3.4 Performance of the genotypes for growth parameters at flowering and harvest

There were significant variations (P < 0.001) for all agronomic traits evaluated at flowering and harvest within diploids (AA) and triploids (ABB and AAA genomes). Averaged across banana growth cycles, diploid Saing hil recorded the largest plant stature (0.19), followed by Calcutta 4 and Kayinja (0.18), whereas Pisang rotan recorded the lowest (0.13) (Table 6). Saing hil had the shortest period between flowering and harvest (110 days), nearly two months earlier than Calcutta 4. The EAHB reference genotype Kibuzi was the first to reach harvest (102 days), followed by Saing hil (110 days), whereas Calcutta 4 was the most delayed (168 days). Genotype Kayinja (ABB) had the highest number of functional leaves at flowering (13.6), followed by Saing hil and Morong princessa (10.1), while Kibuzi had the lowest (7.2).

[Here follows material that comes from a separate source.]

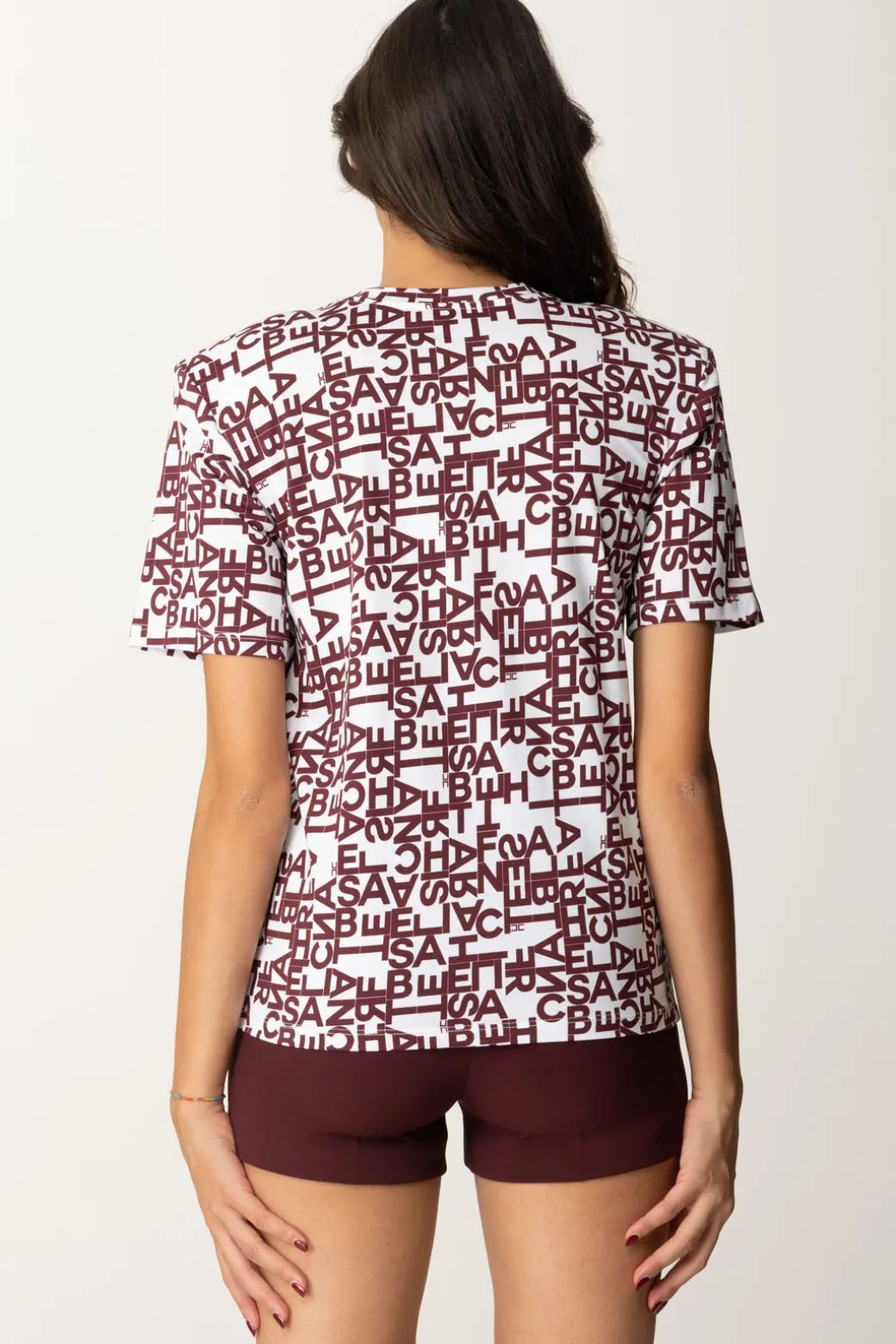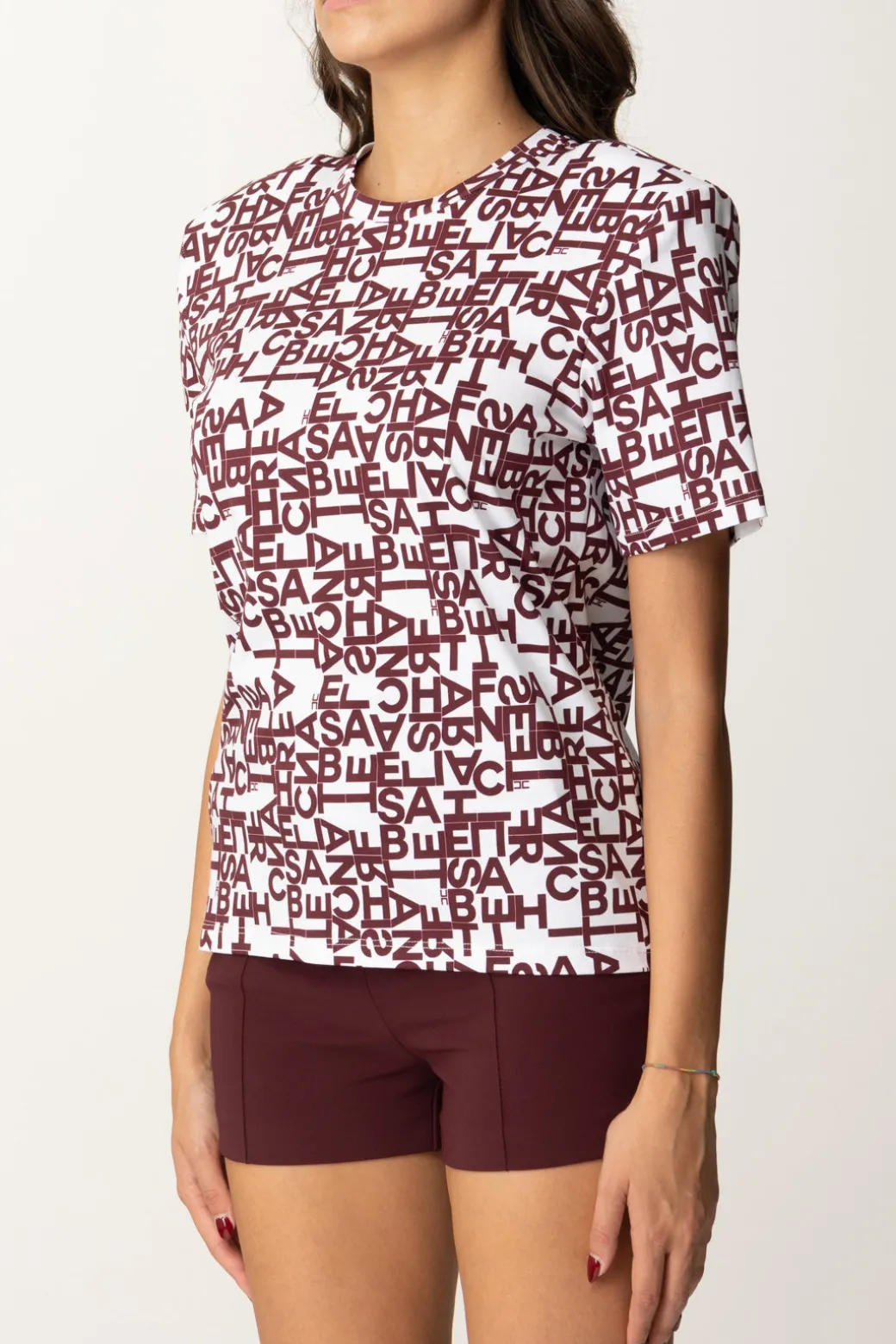 T-shirt Elisabetta Franchi basica, caratterizzata dal logo lettering del brand utilizzato come pattern a contrasto di colore, per un risultato stiloso e ipnotico. Spalline imbottite per un tocco retrò, ma non solo: sarà l’espediente perfetto per creare ancora più equilibrio lungo la silhouette, specialmente se abbini questa t-shirt a bottom a vita alta che diano enfasi ai fianchi.

The mean number of functional leaves for Calcutta 4 was significantly different from most genotypes, except Pisang rotan, SH-3142, and Kibuzi.

Table 6

Table 6. Agronomic performance of different genotypes at flowering.

The local EAHB check Kibuzi had the tallest sucker at flowering (264.5 cm), and wild type Calcutta 4 had the shortest (151.2 cm). Diploid Pisang rotan had no follower sucker at flowering, unlike the other diploids. The mean height of the tallest sucker at flowering for Calcutta 4 was significantly different from Kibuzi and Kayinja, but not from the rest.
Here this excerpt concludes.